→ **Assignment**
Please set down exactly the lines from the one that contains "3、若挑戰(zhàn)失敗,點(diǎn" through the end of the material, leaving out every picture.

→ **Data below**
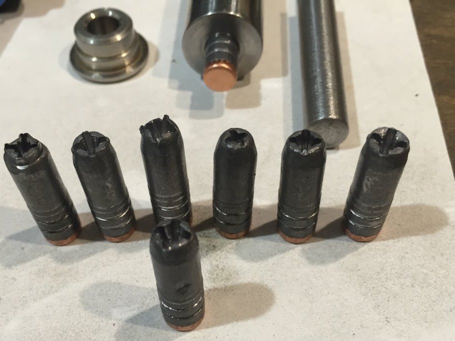 Свежий тест экспансивного раскрытия свинцовых пуль в калибре 308win весом 150 и 180 грейн на дозвуке скорость 330м/c, пули с экспансивной доработкой, дистанция стрельбы 50 метров, мишень - канистра 5 литров с водой. На фото пули рядом до и после выстрела.
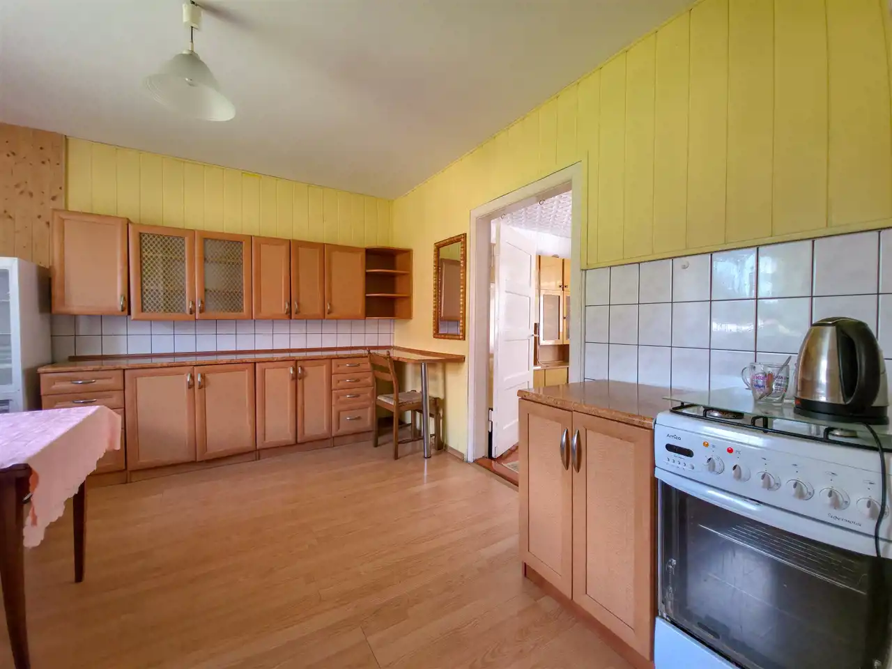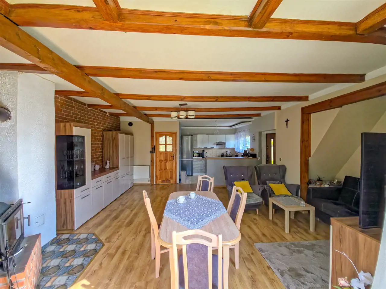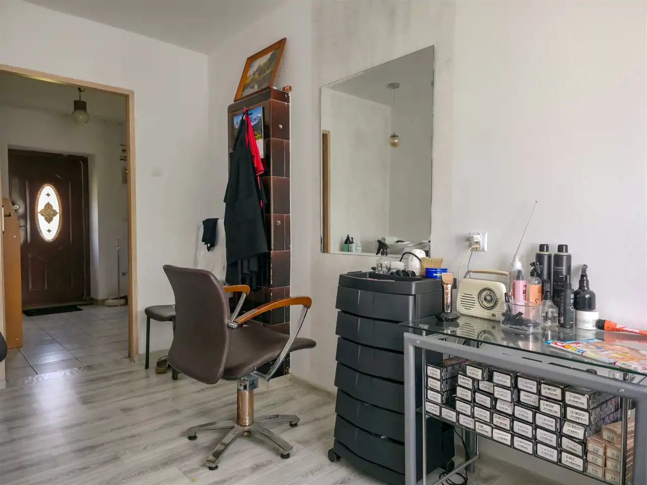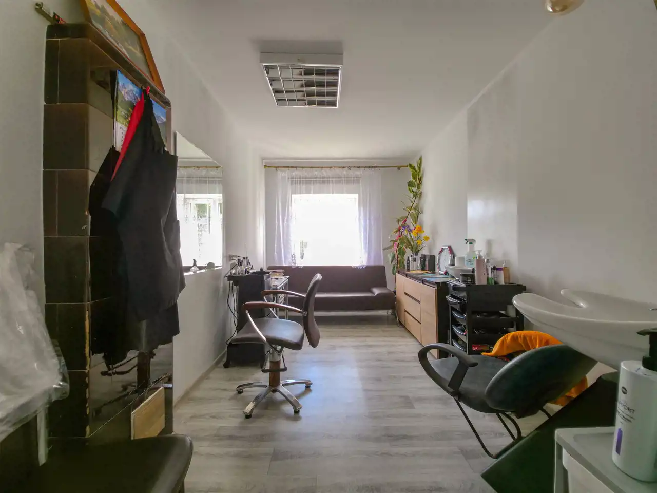 Druuga część: kuchnia + 2 pokoje (w tym jeden dostosowany do zakładu fryzjerskiego), a na poddaszu: pokój, kuchnia i łazienka.
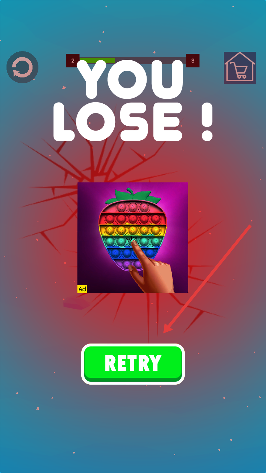 3、若挑戰(zhàn)失敗,點(diǎn)擊綠色RETRY按鈕重試,調(diào)整策略,精準(zhǔn)把控攻擊時(shí)機(jī),爭(zhēng)取通關(guān)。
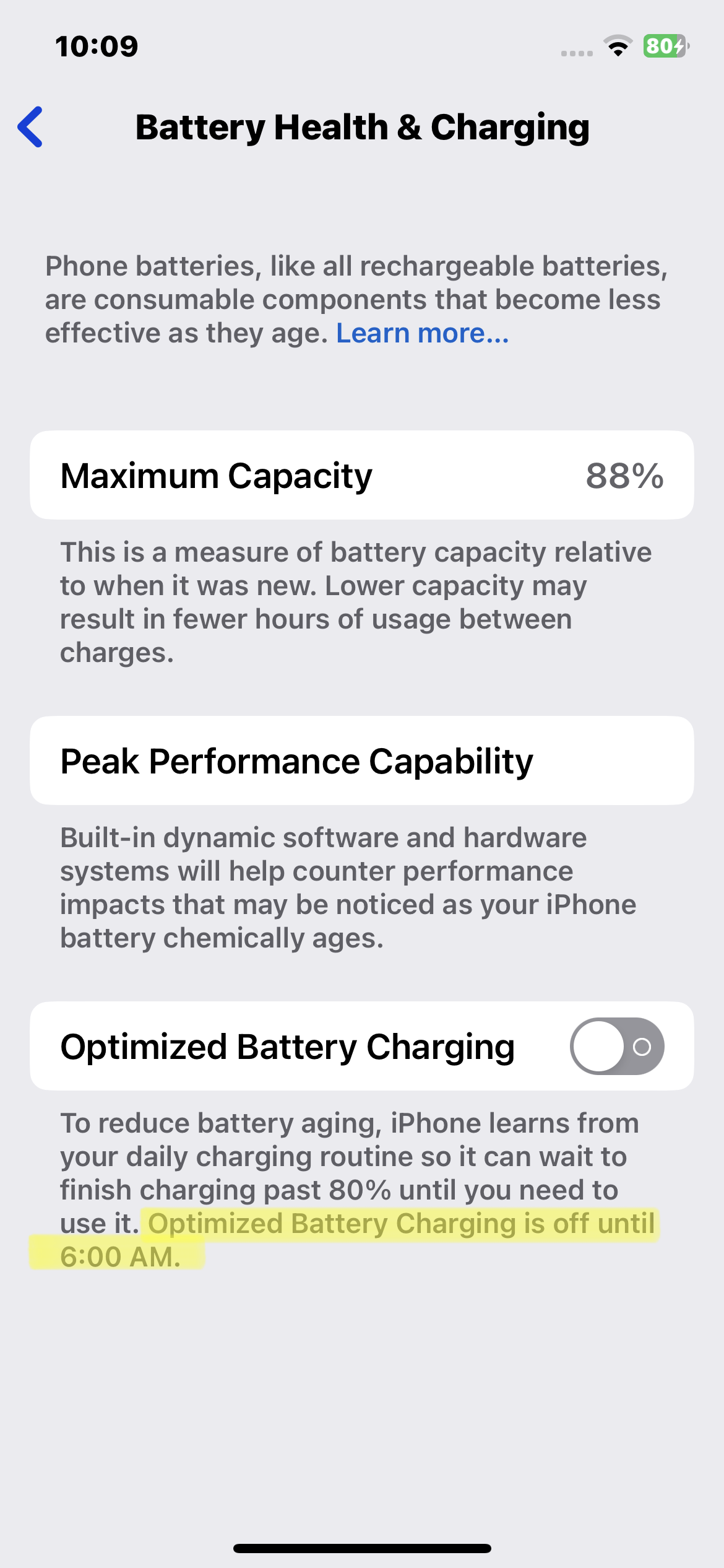 And finally, when I go to Settings to view Optimized Battery Charging, I see an extra “info sentence”, which isn’t there when the feature is permanently off, reinforcing the theory that Charge Now turns off Optimized Battery Charging only temporarily:

→ **Exercise solution**
 3、若挑戰(zhàn)失敗,點(diǎn)擊綠色RETRY按鈕重試,調(diào)整策略,精準(zhǔn)把控攻擊時(shí)機(jī),爭(zhēng)取通關(guān)。
 And finally, when I go to Settings to view Optimized Battery Charging, I see an extra “info sentence”, which isn’t there when the feature is permanently off, reinforcing the theory that Charge Now turns off Optimized Battery Charging only temporarily:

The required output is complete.